** WORK REQUEST **
Look in the material below for the line holding "Borsa in 100%". Set it down exactly, with each later line up to and including the line holding "Heute habe ich".
------ SUPPLIED MATERIAL ------
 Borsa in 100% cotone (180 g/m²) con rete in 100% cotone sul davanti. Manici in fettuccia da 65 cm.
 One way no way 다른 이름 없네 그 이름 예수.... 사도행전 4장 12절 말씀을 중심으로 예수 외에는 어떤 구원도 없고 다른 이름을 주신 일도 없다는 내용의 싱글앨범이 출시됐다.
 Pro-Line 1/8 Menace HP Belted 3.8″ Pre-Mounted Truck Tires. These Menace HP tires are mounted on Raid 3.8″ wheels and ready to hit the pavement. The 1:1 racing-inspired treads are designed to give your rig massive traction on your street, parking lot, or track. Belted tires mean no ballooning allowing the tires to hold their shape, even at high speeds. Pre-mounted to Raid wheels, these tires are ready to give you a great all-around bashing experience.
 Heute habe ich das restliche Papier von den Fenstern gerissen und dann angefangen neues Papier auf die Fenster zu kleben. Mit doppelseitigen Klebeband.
------
------ SUPPLIED MATERIAL ------
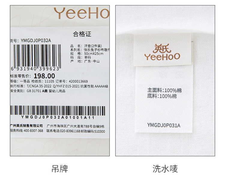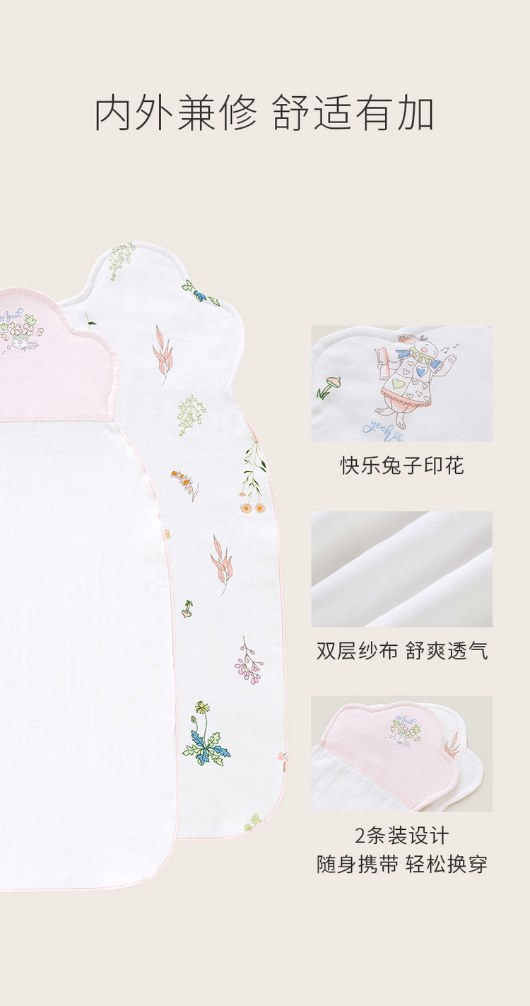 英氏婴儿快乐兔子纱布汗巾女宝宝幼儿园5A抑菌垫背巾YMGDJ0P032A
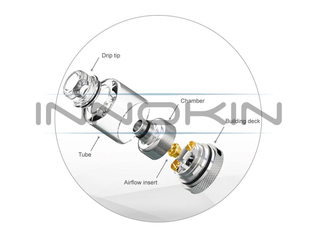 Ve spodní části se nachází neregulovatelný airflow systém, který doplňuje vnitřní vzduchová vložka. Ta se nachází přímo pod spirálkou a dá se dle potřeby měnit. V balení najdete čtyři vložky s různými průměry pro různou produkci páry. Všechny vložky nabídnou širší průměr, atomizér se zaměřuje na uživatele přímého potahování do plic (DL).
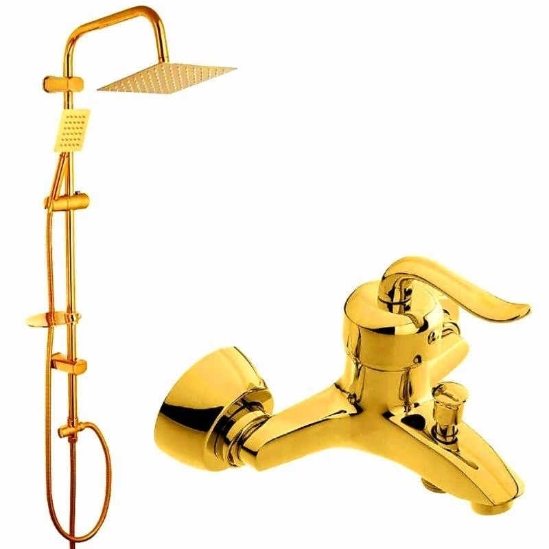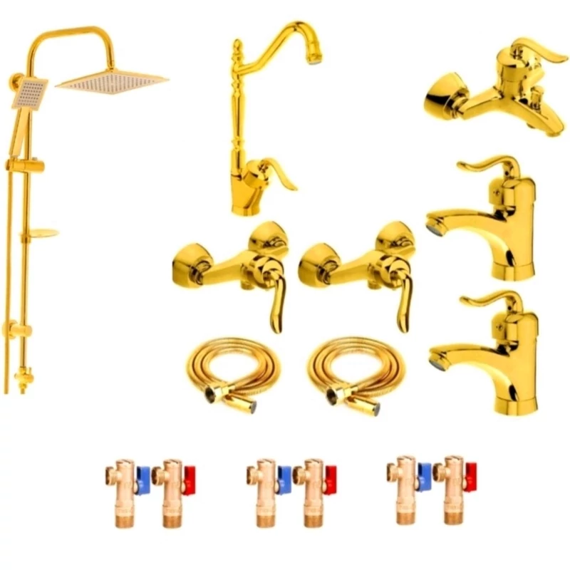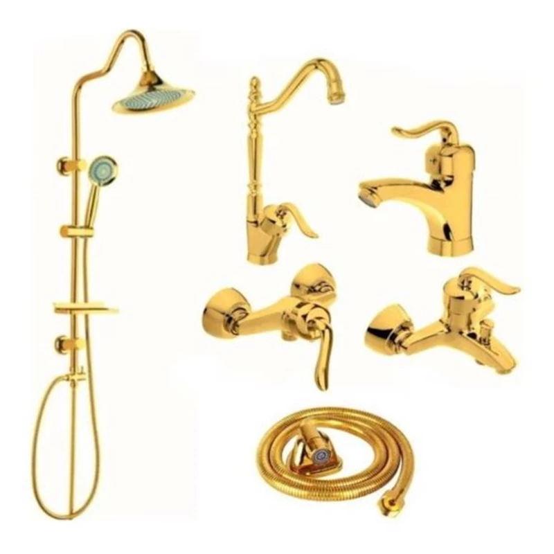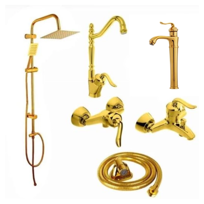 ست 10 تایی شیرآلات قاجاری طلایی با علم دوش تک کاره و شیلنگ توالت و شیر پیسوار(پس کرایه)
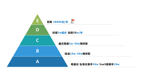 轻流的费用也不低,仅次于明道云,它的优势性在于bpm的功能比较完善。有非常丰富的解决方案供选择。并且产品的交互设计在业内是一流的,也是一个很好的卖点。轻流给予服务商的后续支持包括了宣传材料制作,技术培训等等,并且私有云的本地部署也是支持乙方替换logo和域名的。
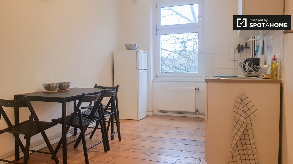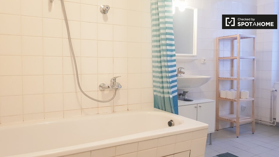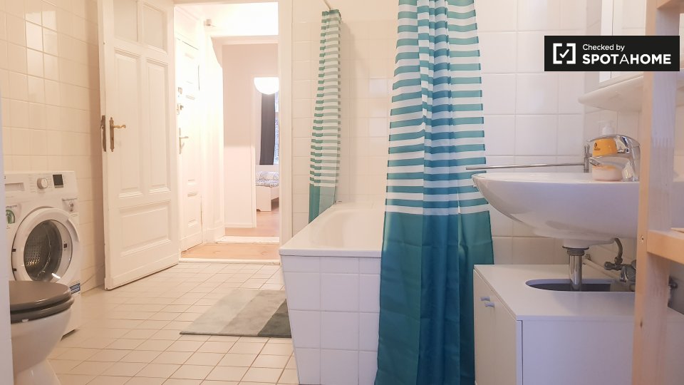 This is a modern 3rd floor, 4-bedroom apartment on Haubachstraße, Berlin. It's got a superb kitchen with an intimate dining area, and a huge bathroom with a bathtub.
------
------ SUPPLIED MATERIAL ------
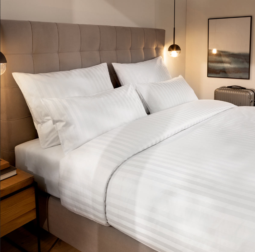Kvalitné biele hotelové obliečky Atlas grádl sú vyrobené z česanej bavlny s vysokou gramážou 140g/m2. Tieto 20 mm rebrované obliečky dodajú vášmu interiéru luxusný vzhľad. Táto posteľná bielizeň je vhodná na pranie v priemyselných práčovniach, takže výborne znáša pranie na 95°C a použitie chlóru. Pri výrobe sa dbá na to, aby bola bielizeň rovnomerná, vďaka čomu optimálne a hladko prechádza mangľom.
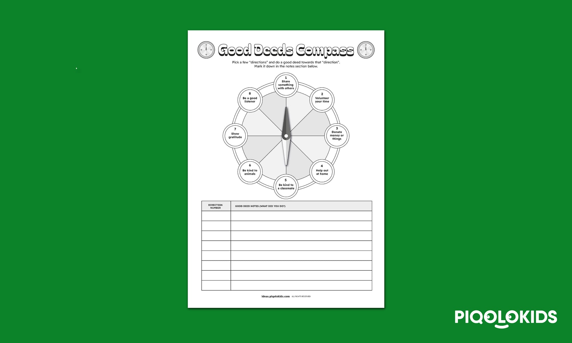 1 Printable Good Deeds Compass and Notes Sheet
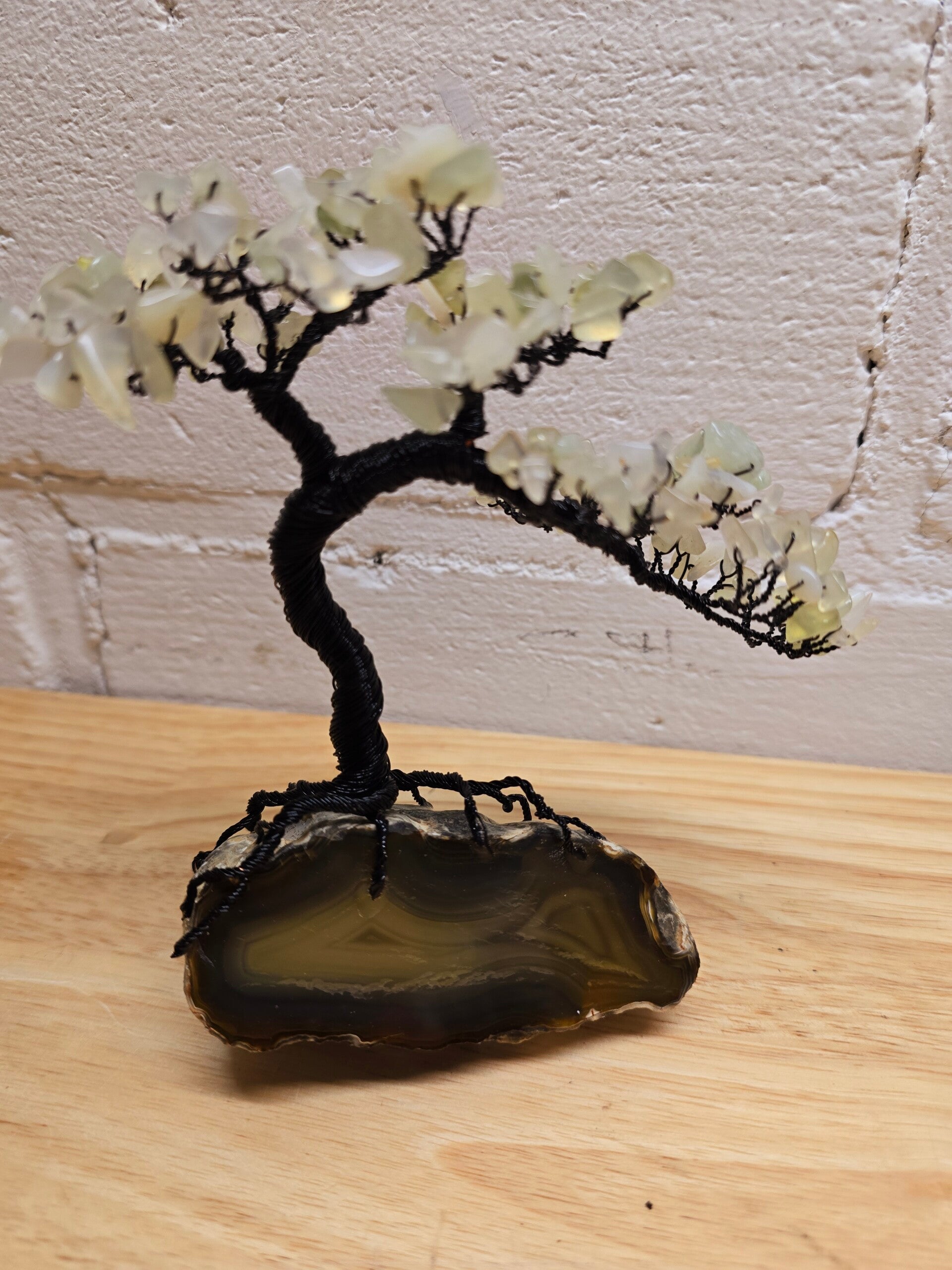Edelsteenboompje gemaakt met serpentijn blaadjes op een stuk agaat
------
** SOLVED EXERCISE **
 Borsa in 100% cotone (180 g/m²) con rete in 100% cotone sul davanti. Manici in fettuccia da 65 cm.
 One way no way 다른 이름 없네 그 이름 예수.... 사도행전 4장 12절 말씀을 중심으로 예수 외에는 어떤 구원도 없고 다른 이름을 주신 일도 없다는 내용의 싱글앨범이 출시됐다.
 Pro-Line 1/8 Menace HP Belted 3.8″ Pre-Mounted Truck Tires. These Menace HP tires are mounted on Raid 3.8″ wheels and ready to hit the pavement. The 1:1 racing-inspired treads are designed to give your rig massive traction on your street, parking lot, or track. Belted tires mean no ballooning allowing the tires to hold their shape, even at high speeds. Pre-mounted to Raid wheels, these tires are ready to give you a great all-around bashing experience.
 Heute habe ich das restliche Papier von den Fenstern gerissen und dann angefangen neues Papier auf die Fenster zu kleben. Mit doppelseitigen Klebeband.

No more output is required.